On retrouve également et avec plaisir la grosse basse aussi fuzzée que vrombissante du bassiste original Jean-Yves «Blacky» Thériault (son premier depuis Angel Rat, paru en 1991). Depuis maintenant un petit moment, le présent alignement a atteint un niveau de cohésion réellement impressionnant, rappelant la formation d’antan, tant au niveau de l’énergie que des mélodies. Évidemment, on expérimente encore ici et là - voir l’inclusion de chants de gorge sur «Kluskap O’kom» et d’étranges bruits de foule sur «Resistance». Et la chanson titre, qui ouvre le disque, rappelle même par moment ce que font nos chéris de chez Mastodon, harmonies vocales mystérieuses à l’appui.
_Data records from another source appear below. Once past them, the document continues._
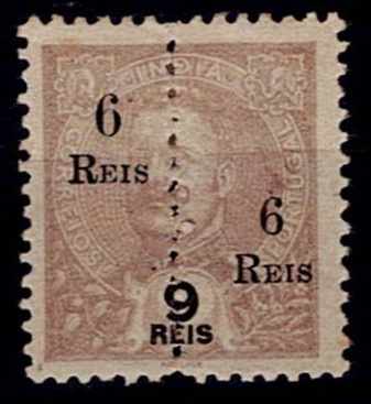 India 1911-13 D. Carlos, perforated in the middle and with surcharge. Stamp Mf#221c, of 6 reis s/ 9
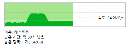 초기 속도가 17MB나오다가 사진 보면 중간에 툭 위로 솟은 구간이 있는데 저게 60MB정도 나왔는데 저런 구간은 얼마 유지못하고 나중에는 24MB정도 속도를 유지하였다.
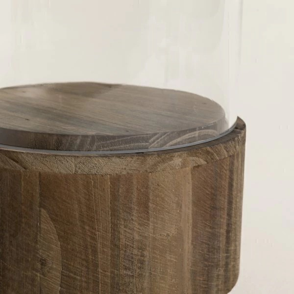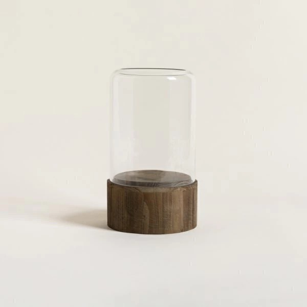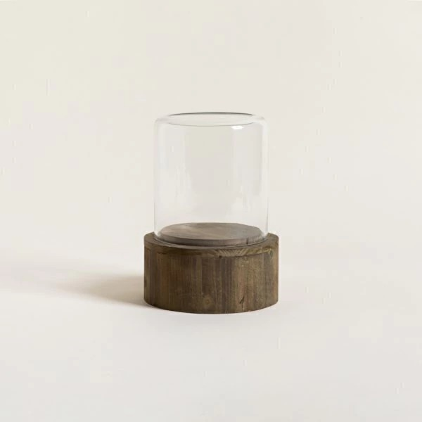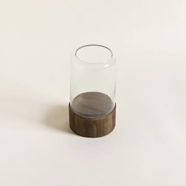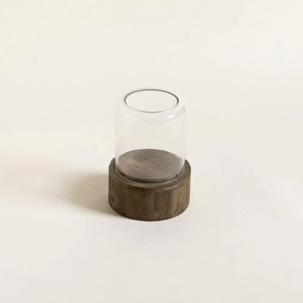 Porta vela de vidrio y base de madera

Sérieux.

De son côté, Mongrain a su rester fidèle au patrimoine et au son souvent dissonant et si particulier de son modèle, tout en apportant heureusement sa touche personnelle. Ce gars-là sait dangereusement ce qu’il fait avec une six-cordes. Peu de gens auraient pu remplir le vide intersidéral laissé par le disparu guitariste. La recrue a surpassé les attentes et continue de livrer la marchandise au centuple. Comme son prédécesseur, Mongrain est un métallurgiste d’exception, puisant à même les plus grands du progressif : la pièce «Artefact» sonne comme du King Crimson futuriste.

Bref, on a droit ici à un album de (parfois prog) métal qui rock en sale. Oui messieurs-dames. Ce 13e album prouve qu’après 3 décennies d’épreuves (dont quelques tragédies), ce n’est clairement pas fini; la bande à Denis « Snake » Bélanger et Michel « Away » Langevin comme du bon vin, mûrit.